■ Data entries ■
^^^^

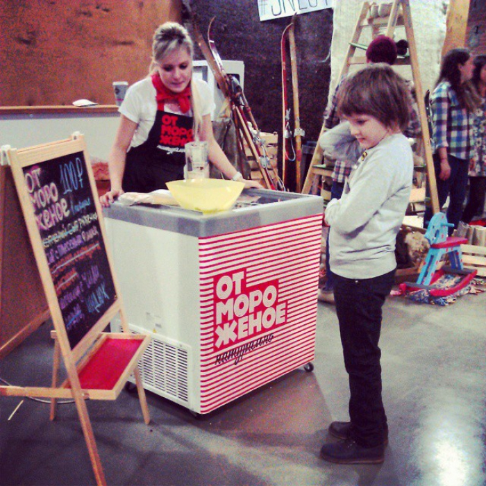 Дегустация нашего «отмороженого» — это аттракцион. С каждым, кто впервые пробует новаторский сорт мороженого, происходит трансформация — в скептическом ожидании они пробуют, а когда понимают вкус, на их лице появляется сияющая радость открытия. Они переживают когнитивный диссонанс — во рту привычный лед мороженого, но в уме всплывает лосось, петрушка, помидоры. Особой популярностью у нас, например, пользуется сорт «Сырное копченое». Обычно для сырного мороженого используются изысканные виды сыра — горгонзола, дор блю. В ответ на санкции мы сделали отечественную модификацию — вообразите, что кусаете шарик мороженого, а во рту появляется яркий вкус копченого сыра. Еще у нас есть алкогольная линейка: «Самбука с медом», которое получило золотую медаль на конкурсе Инновационный продукт Продэкспо-2015, «Бейлиз шоколад», «Виски с кофе», «Блю кюрасао». Мы используем только настоящие алкогольные напитки, никаких смесей или ароматизаторов. В порции есть до 10% алкоголя, но эффект, я бы сказала, слабовыраженный.
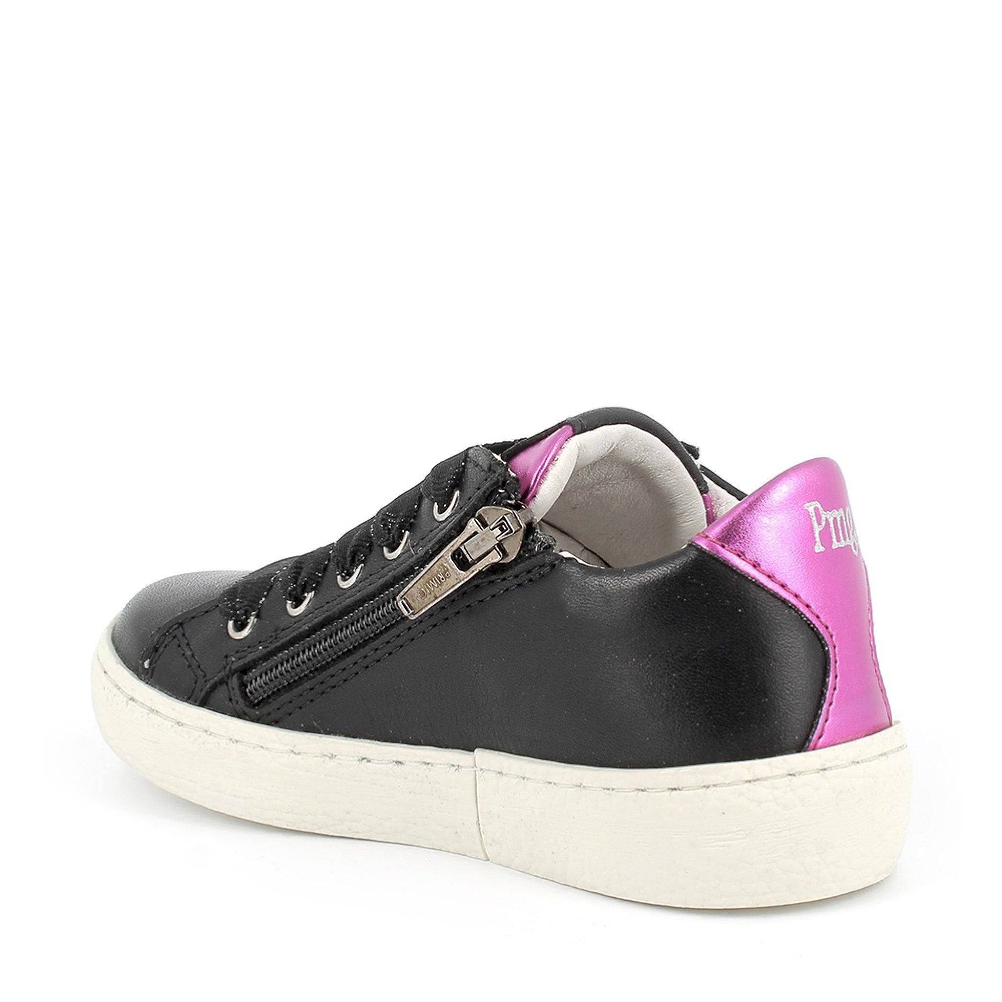 Sneaker in pelle nera con stella e brillanti e zip laterale
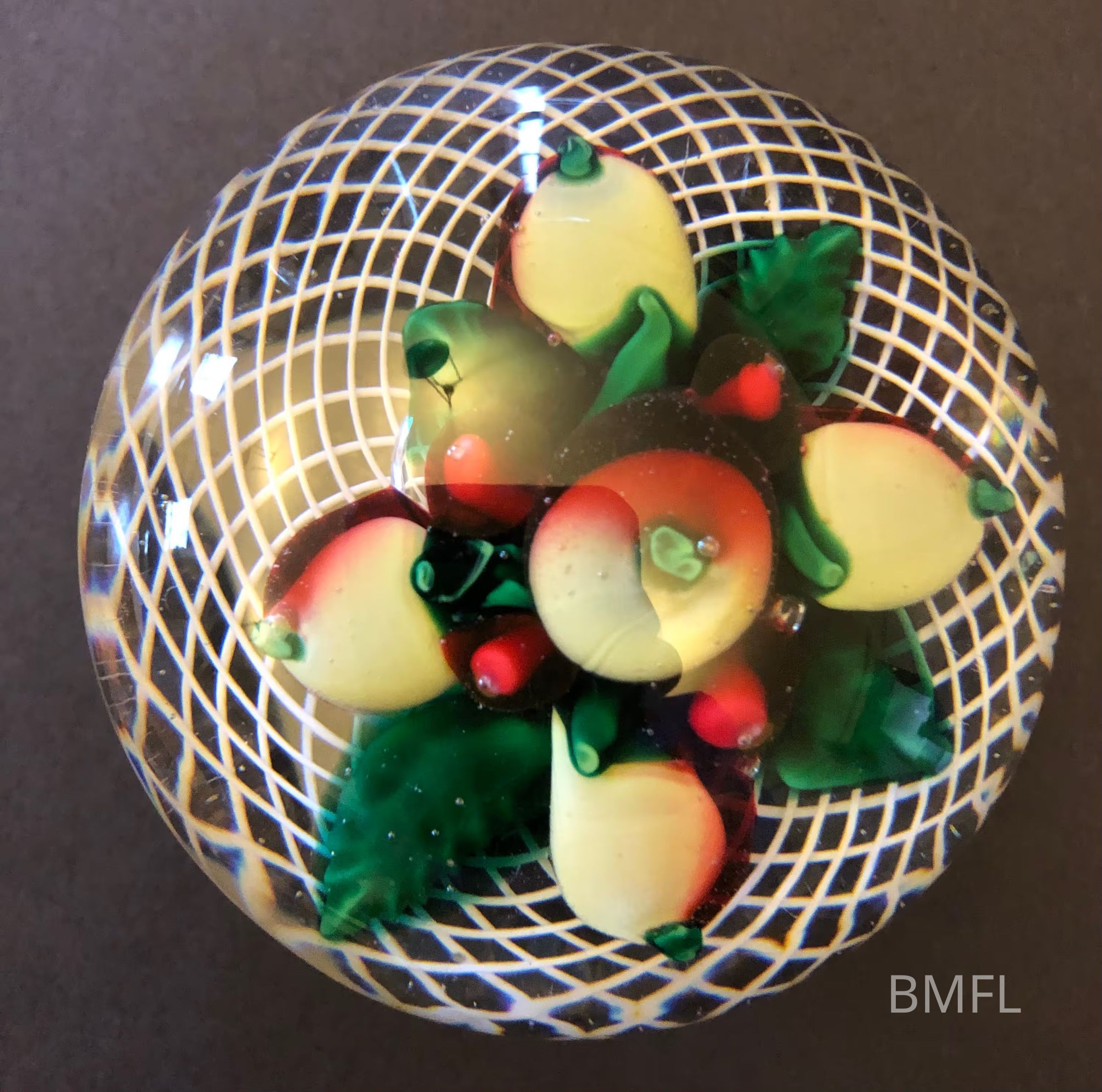 Round glass paperweight with small white and red fruits and tiny red berries, green leaves, and intricate etching as background.Use
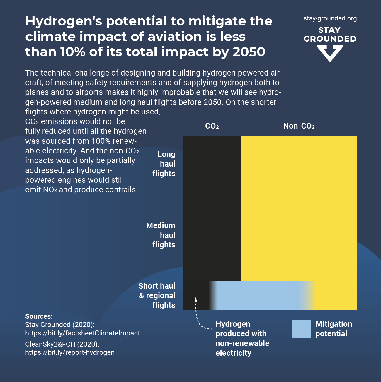 However there is rampant mislabeling of these feedstocks, including, for example, virgin palm oil labeled as used cooking oil. So-called “advanced biofuels” from lignocellulosic biomass (wood, straw…) have never been and are unlikely to ever be technically proven at scale. Hydrogen, although rarely mentioned, is required in all certified aviation biofuel production processes, but is today mostly produced from fossil fuels (see Fact Sheet #3 Hydrogen flight).
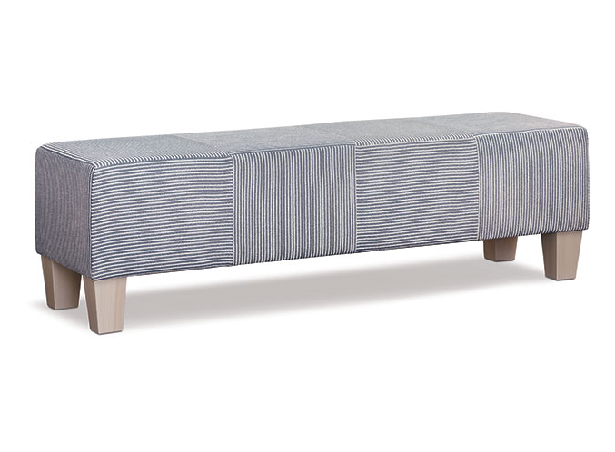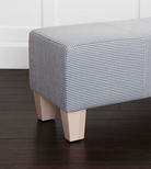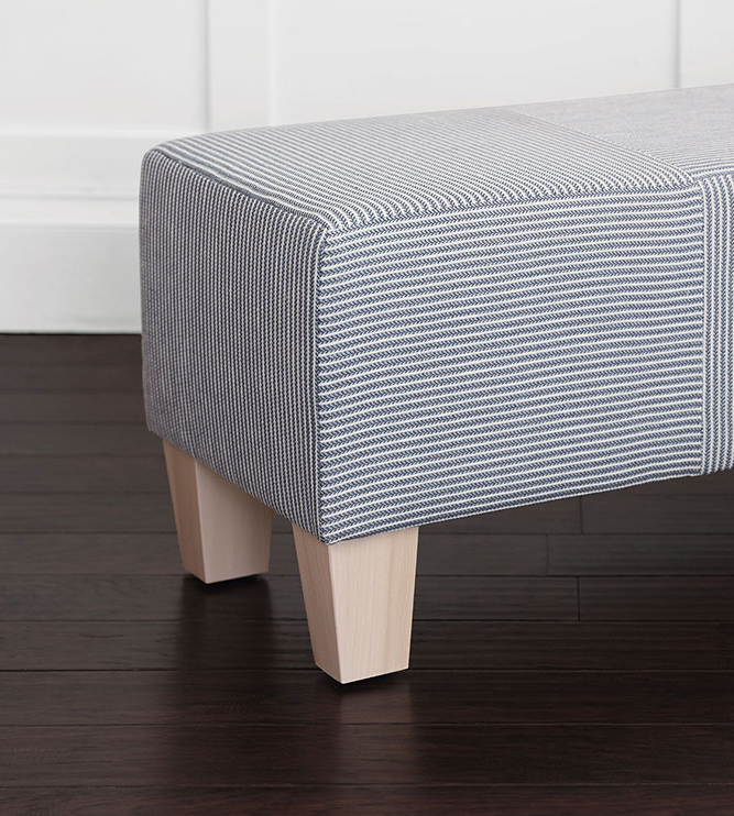 Make a bold yet tailored statement with these upholstered bedroom benches, featuring alternating horizontal and vertical stripes in the richly woven Osiris Lake fabric. Expertly made in Chicago, the Standard and Grande benches showcases a clean knife edge finish and thick, tight upholstery over high-density foam for lasting comfort and durability. Hand-stained wood legs in a Natural finish and felt-padded glides complete the piece with thoughtful detail. Made to Order- 4-6 weeks
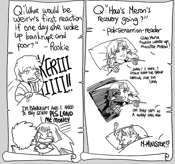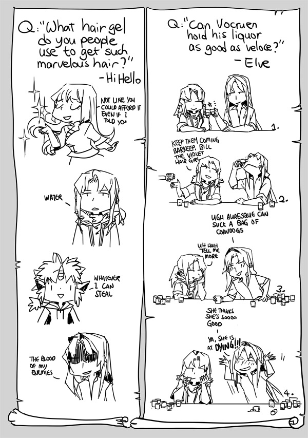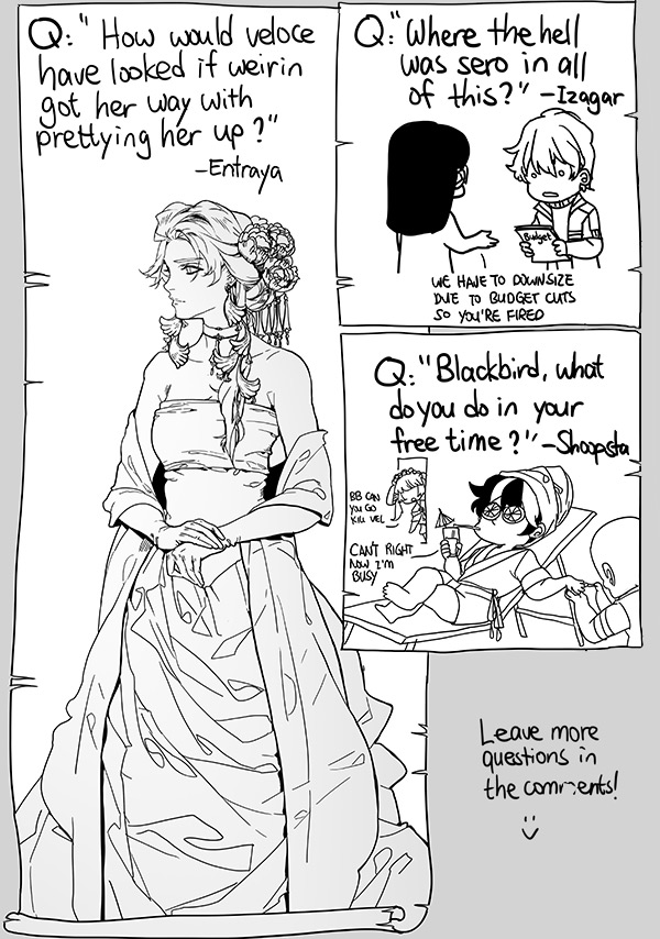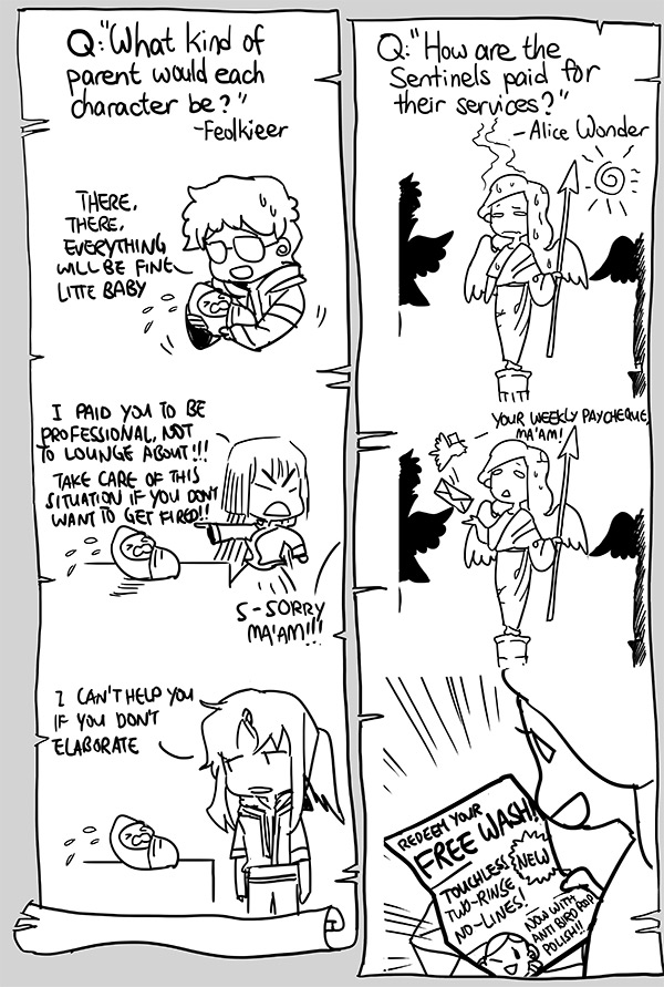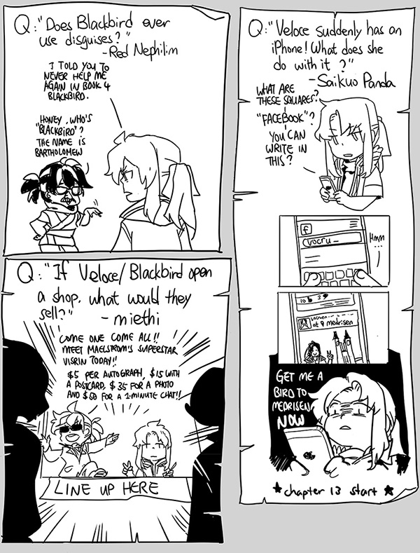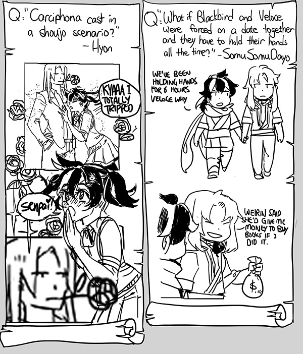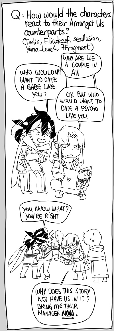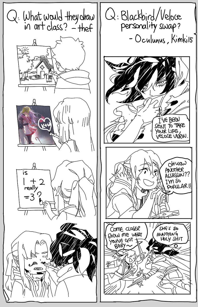 A few months worth of character Q&A fun comics that I did in between the publication of books 5 and the start of book 6 as I did storyboards, then again between 6 and 7! More to come in the future between volumes :D These contain SPOILERS if you aren't up to date with the current story, be warned!

^^^^

■ Work required ■
Each line above from the one containing "Sneaker in pelle" through the one containing "However there is" is to be returned verbatim. Nothing else, and no pictures.

■ Response to this task ■
 Sneaker in pelle nera con stella e brillanti e zip laterale
 Round glass paperweight with small white and red fruits and tiny red berries, green leaves, and intricate etching as background.Use
 However there is rampant mislabeling of these feedstocks, including, for example, virgin palm oil labeled as used cooking oil. So-called “advanced biofuels” from lignocellulosic biomass (wood, straw…) have never been and are unlikely to ever be technically proven at scale. Hydrogen, although rarely mentioned, is required in all certified aviation biofuel production processes, but is today mostly produced from fossil fuels (see Fact Sheet #3 Hydrogen flight).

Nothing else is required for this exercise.